Q&A with Dave Vos, Head of Google’s Unmanned Delivery Vehicle Program

Dave Vos heads up Project Wing, Google's unmanned delivery vehicle program. Originally from Capetown, South Africa, he came to the United States at age 26 in order to do graduate work at MIT. While there, he earned his master's and PhD degrees. He has been involved in creating automated flying machines for over 20 years.

Q: It seems like everybody’s talking about developing delivery drones lately. Why the big fuss all of a sudden?
A: Many of the same technologies that have put smartphones in our pockets—smart software and small, inexpensive sensors like GPS and accelerometers—can be used to fly small vehicles on pre-planned routes. It’s become a lot easier for companies around the world to develop relatively inexpensive platforms for amateur and commercial users alike.

Q: Why is Google working on them?
A: Think about the congestion, pollution, and noise created by delivery trucks double-parked all over our cities, or the fact that we send a two-ton vehicle across town to deliver a two-pound package. On the other hand, a self-flying vehicle that can cover about a mile a minute would guarantee speed, accuracy, and on-time delivery.
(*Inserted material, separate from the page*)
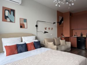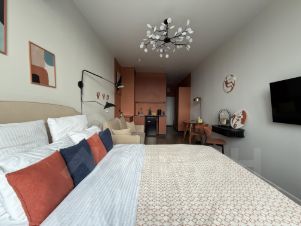 Квартира оснащена всем что может понадобиться для жизни. Удобная двухспальная кровать 160/200, раскладной диван 140/200 для приятного и сладкого сна. Белоснежное отельное белье и пушистые подушки и одеяла.

They could open up entirely new approaches to transporting and delivering goods—they’d be cheaper, faster, less wasteful, and more environmentally friendly than ground transportation. They also have the potential to help in crisis situations, like delivering medicine and batteries to cut-off areas after a natural disaster, or helping firefighters improve communication and visibility near a wildfire.  

Initially, we thought that defibrillator delivery would be a natural way to implement our vehicles—when a person needs a defibrillator, every second counts, and drones don’t have to deal with traffic. Ultimately, we had to put that ambition on hold because we realized there are many challenges with integrating into the emergency medical system that are outside our control. But we certainly hope we can try again someday.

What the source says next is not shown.